The parallel regression assumption of the cumulative models may be too restrictive (for a test see Brant, 1990). Such an assumption can be relaxed by allowing the thresholds to depend on covariates or, alternatively, by allowing covariates to have category-specific slopes. These models are called partial proportional odds after Peterson and Harrell (1990). Another way to relax the parallel regression * assumption is to let the variance of the disturbance ei in the underlying linear model (3) to depend on covariates (McCullagh, 1980) or, alternatively, to use a scaled link such as the scaled probit link of Skrondal and Rabe-Hesketh (2004). A further approach is to introduce latent classes (Breen and Luijkx, 2010).
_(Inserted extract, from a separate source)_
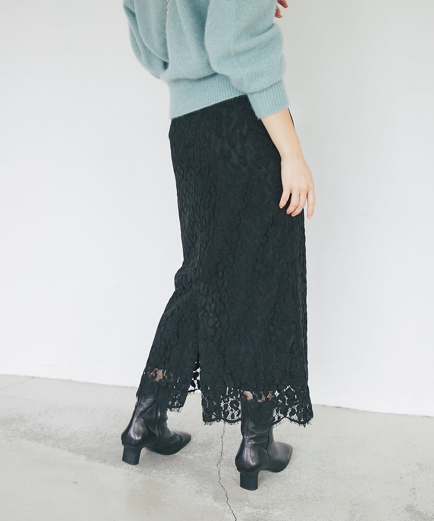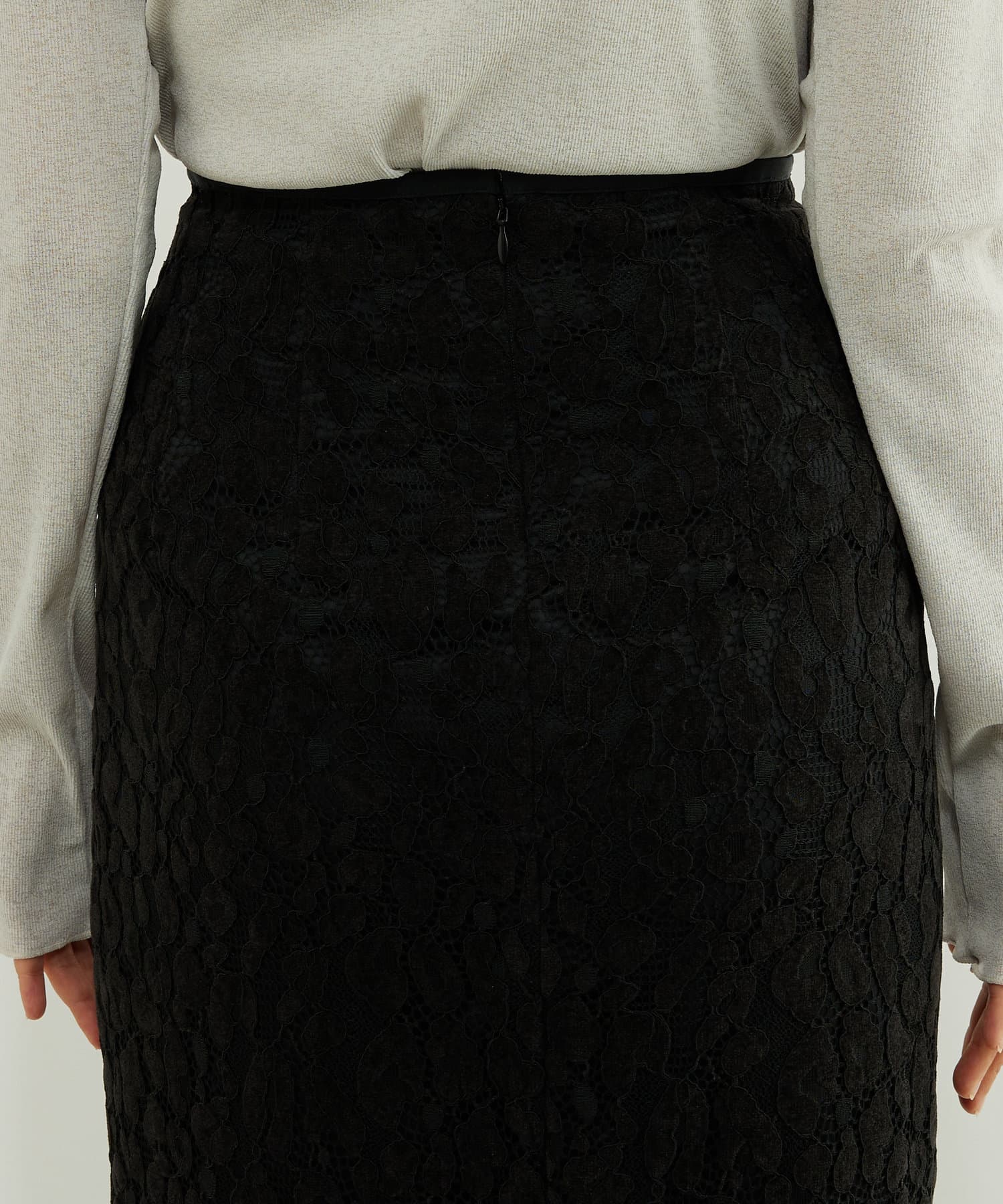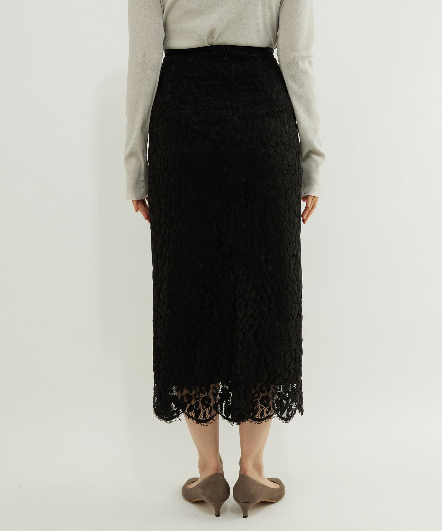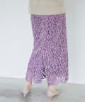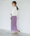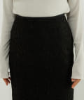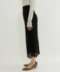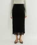 • 程よい光沢のある起毛レースを使用したナロースカート。

Models violating the parallel regression assumption should be used with care since they raise identification and interpretation issues (Agresti, 2010).

Multilevel extension

Multilevel (random effects) ordered logit models are suitable for the analysis of correlated ordinal responses; see the reviews of Agresti and Natarajan (2001), Hedeker (2008) and Grilli and Rampichini (2011). Multilevel ordered logit or probit models may be useful in several kinds of applications in quality of life, for example: (i) analysis of a single response from individuals clustered into households, schools (e.g. Fielding et al., 2003) or geographical regions (e.g. Rampichini and Schifini, 1998) ; (ii) joint analysis of a set of items of a survey questionnaire on individuals (e.g. Grilli and Rampichini, 2003); (iii) analysis of repeated responses to a given question in a longitudinal survey (e.g. Ribaudo et al., 1999).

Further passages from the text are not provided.